Alexander Pope

Go, wiser thou! and, in thy scale of sense
Weigh thy opinion against Providence;
Call imperfection what thou fanciest such,
Say, here he gives too little, there too much:
Destroy all creatures for thy sport or gust,
Yet cry, if man's unhappy, God's unjust;
If man alone engross not Heav'n's high care,
Alone made perfect here, immortal there:
Snatch from his hand the balance and the rod,
Rejudge his justice, be the God of God.
In pride, in reas'ning pride, our error lies;
All quit their sphere, and rush into the skies.
Pride still is aiming at the blest abodes,
Men would be angels, angels would be gods.
Aspiring to be gods, if angels fell,
Aspiring to be angels, men rebel:
And who but wishes to invert the laws
Of order, sins against th' Eternal Cause.

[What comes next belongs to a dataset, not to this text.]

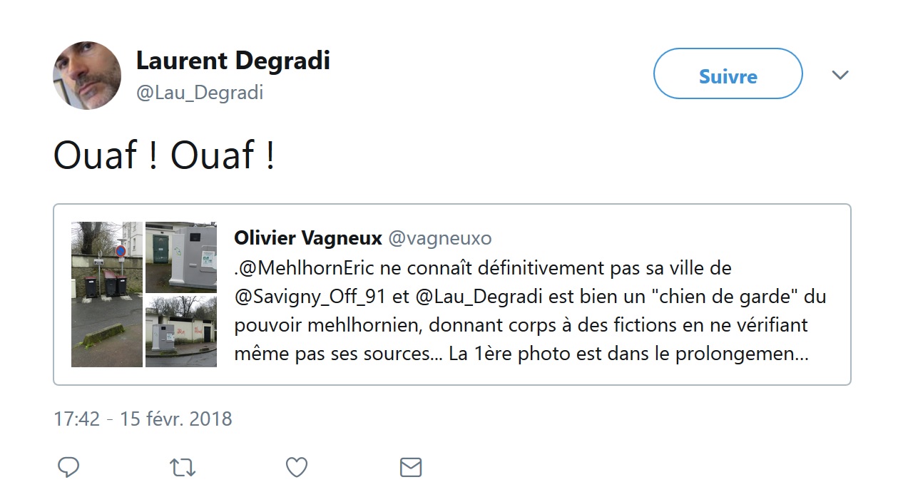 On dirait que Laurent DEGRADI n’a toujours pas digéré que je puisse mettre en doute son objectivité journalistique… Quand bien même, la recopie de quelques communiqués de presse du maire, auxquels on ajoute quelques erreurs d’orthographe et l’interview d’un opposant pour faire « travaillé », ne permettront pas la réélection de MEHLHORN, parce que l’opinion publique n’a plus besoin du « quatrième pouvoir » pour savoir quoi penser.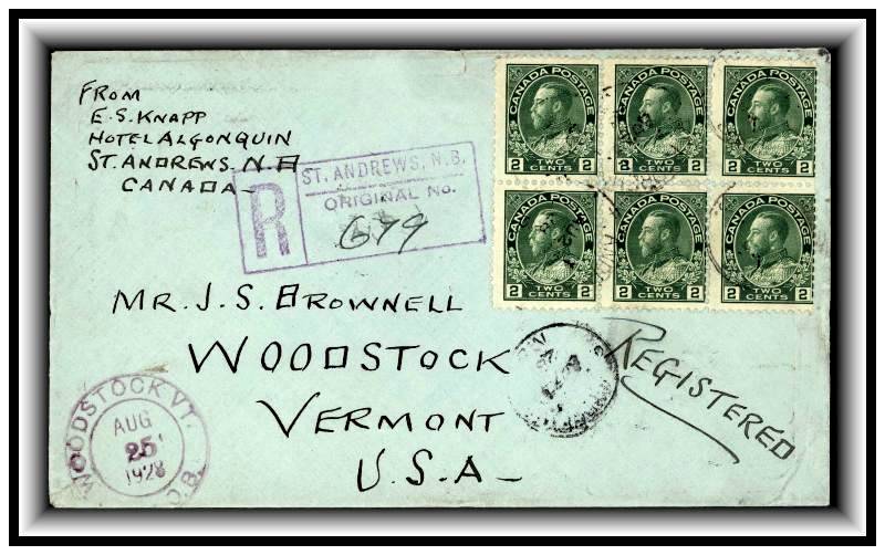 799 P o/CVR 107 (block of 6) with neat variety on ALGONQUIN HOTEL cvr, ST ANDREW'S box Reg.

Thats cool and all buddy, but I paid you 5 bucks to read my fortune, so, er, can you do it or not?

Behold! user seeks sight for his fortune,
A fedora-wearing creep on Veeky Forums.
I know nothing of your fate or future,
No balm for past, or healing set suture.
I know of this, for single fact arrive:
You paid poorly, and I now have your five.

Okay, superlegit. I will write iambic pentameter pieces on certain comments left on this page. I encourage others to do likewise. I am going to bed, but in the morning, if this thread is still alive, I will be one busy man.

Go forth!

My sides!

I hate when my mind is blank
like verse, it hurts
and I dont know iambic
so I will be curt
but do pray tell
our lort to keep this thread a live
and fit an ass through a needle
and so it into my eye
for a camel spits
and gives me no hump
and all I want
is a treasured chest for dumps
and bumps of clumps lumped
in front of some sumps dont
trump cunts of runts bunts
in front affronts for the fun
of dumb dunce who munch
lunch for brunch in bunches of crunches
all to digest sumptuous hunches at once

OP has done nothing to dispel my notion that Pope is too smart for the likes of me.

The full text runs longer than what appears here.